COLUMBIA, Mo. (KMIZ)
Public schools in Missouri have been struggling to hire enough substitute teachers since the beginning of the pandemic.
The state has implemented some new policies that may help, but Columbia Public Schools is still reporting that all of its substitute positions are not being filled.
The district has had empty substitute positions since school started, according to the CPS coronavirus dashboard. The week of Aug. 30, only 63.5% of open positions were filled by substitutes. The rest of those were covered by other teachers or aides as they worked on their daily duties.
Noelle Gilzow with Columbia Missouri National Education Association, a teachers' union, said covering when there are not enough substitutes takes away from a teacher's lunch or planning time. The union previously fought for teachers to have a break period for planning.
"When we don't have enough subs to cover, that takes teachers away from their bargain planning time and sometimes it infringes on their duty-free lunch -- and that is something we as a teacher union care about because we bargain for that," Gizlow said. "It takes a lot of what a teacher can accomplish during the day and forces it into their personal time to get those same things accomplished."
CPS spokeswoman Michelle Baumstark said anyone interested can apply to be a substitute through EduStaff.
"Substitutes are essential to the daily operations of our school buildings," Baumstark said. "Whether it's filling in for a classroom teacher or in a critical support staff role these individuals allow the district to ensure continuity of education and daily operations."

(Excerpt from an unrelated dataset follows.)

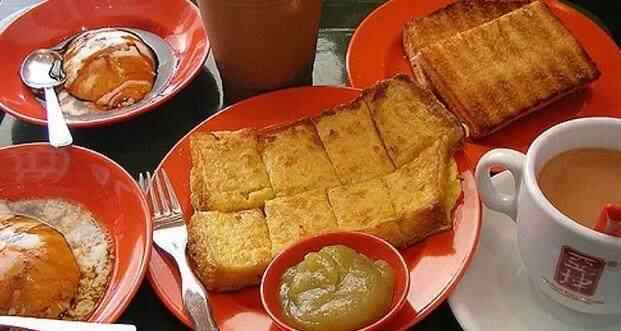 29、kaya酱吐司 Kaya是一种用椰汁、椰浆、鸡蛋、牛油和一些香料做成的甜酱料,也叫蛋椰酱,有浓浓的椰子味。大马人吃早餐时,喜欢将它厚厚地涂在烤面包或马来鸡蛋糕上吃。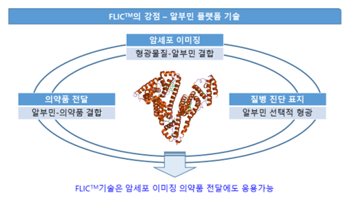FLICTM기술은 알부민에 선택적으로 공유결합하며 높은 형광수율로 형광을 만들어낼 수 있는 기술로서 요알부민 및 혈액알부민을 저비용으로 비교적 정밀하게 측정할 수 있으며, 알부민과의 결합체를 이용하여 암조직을 형광이미징하고 진단 및 치료에도 활용할 수 있는 플랫폼 기술입니다.

CPS reports 11 staff members with active coronavirus cases and three in quarantine. Sixty-four students in the district have active infections and another 306 are in quarantine.
Paul Katnik with the Missouri Department of Elementary and Secondary Education, said there are a few policy changes in play that may alleviate some of the burden on schools to get substitutes.
When the Missouri Board of Education first realized the pandemic was causing a higher demand for substitutes, it temporarily changed the requirements to become a substitute. Rather than training for 60 hours in a classroom, applicants only needed to complete 20 hours of online training. The requirements stayed like that until February, when it halted so the board could study the data.
"The data came back very strong, and districts said they did great," Katnik said. "In some instances, they felt like they did even better than folks with the 60 semester hours. And so, I took that data back to the board in April and they said well, 'Let's make this permanent.'"
In August the Board of Education voted to make the new requirements permanent.
Retired teachers make excellent substitutes, Katnik said, but there is a limit on the number of hours they can work. The governor temporarily waived that limit so retired teachers could help cover classrooms during the pandemic. He recently extended the waiver until December of this year.
"Hopefully, some of them will pitch in and help our school districts at this challenging time," Katnik said.